Dünyanın birçok yerinde gizemli taşlar mevcut. İstanbul’ da da bu türden gizemini koruyan çok sayıda dikili taş var. Araştırmacı Namık Talat Güraslan, parapsikolojinin ve spiritolojinin verileri ile bu konuya yaklaşım getirilebileceğini iddia ediyor.
İSTANBUL’DA BİRÇOK dikili taş bulunduğu ve bunların bir kısmının da zamanla yıkıldığı bilinmektedir. Evliya Çelebi de İstanbul’un her türlü felaket ve dertten korunması için, kentin değişik yerlerine, değişik tılsım mahiyetinde taşların dikilmiş olduğundan bahseder.

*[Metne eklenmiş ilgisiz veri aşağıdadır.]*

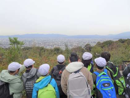 浄水場の見学の後は、将軍塚の展望台で少し休憩・昼食タイムをとりました。展望台からは京都市の街を見渡すことができます。ランドマークの京都タワーを目印に、自分たちの家や学校を探す様子が見られました。

Sultanahmet Meydanı’nın dikili taşları ile bir odak oluşturması söz konusudur. Bizans döneminde Konstantin formu olarak adlandırılan bu alan, Osmanlı döneminde At Meydanı adını almıştır. Bu gravür, 19. yüzyılda Thomas Allom tarafından yapılmıştır.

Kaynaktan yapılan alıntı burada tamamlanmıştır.